**Exercise goal**:
Output exactly, and only, the lines below from the one with "Jan 2001 Instalation" down to the one with "Figure 2: Example". Include both end lines and no pictures.

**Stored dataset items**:

[Start of Attachment]

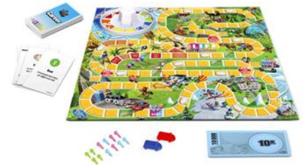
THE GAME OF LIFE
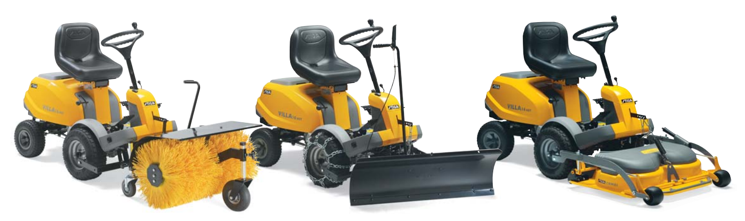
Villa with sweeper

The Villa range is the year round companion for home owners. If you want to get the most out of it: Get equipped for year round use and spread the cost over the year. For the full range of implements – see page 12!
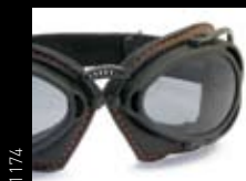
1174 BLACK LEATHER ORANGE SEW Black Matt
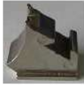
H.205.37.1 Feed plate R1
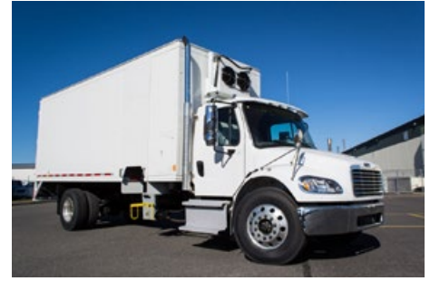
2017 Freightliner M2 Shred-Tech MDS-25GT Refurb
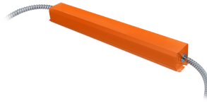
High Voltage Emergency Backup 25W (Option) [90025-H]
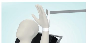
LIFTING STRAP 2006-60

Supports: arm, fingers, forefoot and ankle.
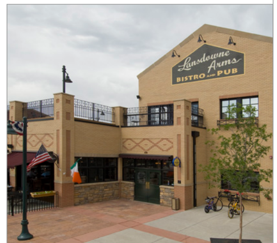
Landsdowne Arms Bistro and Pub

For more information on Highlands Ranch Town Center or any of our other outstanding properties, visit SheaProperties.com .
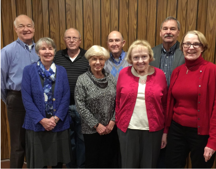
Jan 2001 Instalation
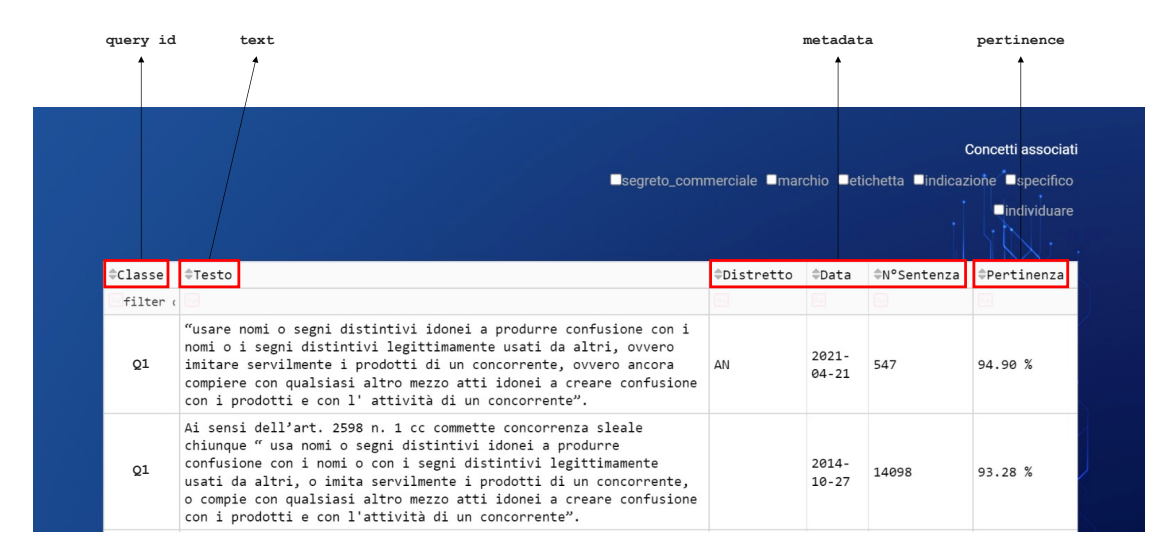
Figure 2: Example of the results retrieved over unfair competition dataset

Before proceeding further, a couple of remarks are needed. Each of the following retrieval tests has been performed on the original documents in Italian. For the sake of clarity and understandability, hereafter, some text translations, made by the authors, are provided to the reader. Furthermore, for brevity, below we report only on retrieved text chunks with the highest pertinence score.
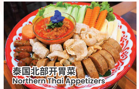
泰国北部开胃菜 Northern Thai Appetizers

[End of Attachment]

**Answer for this exercise**:
Jan 2001 Instalation
Figure 2: Example of the results retrieved over unfair competition dataset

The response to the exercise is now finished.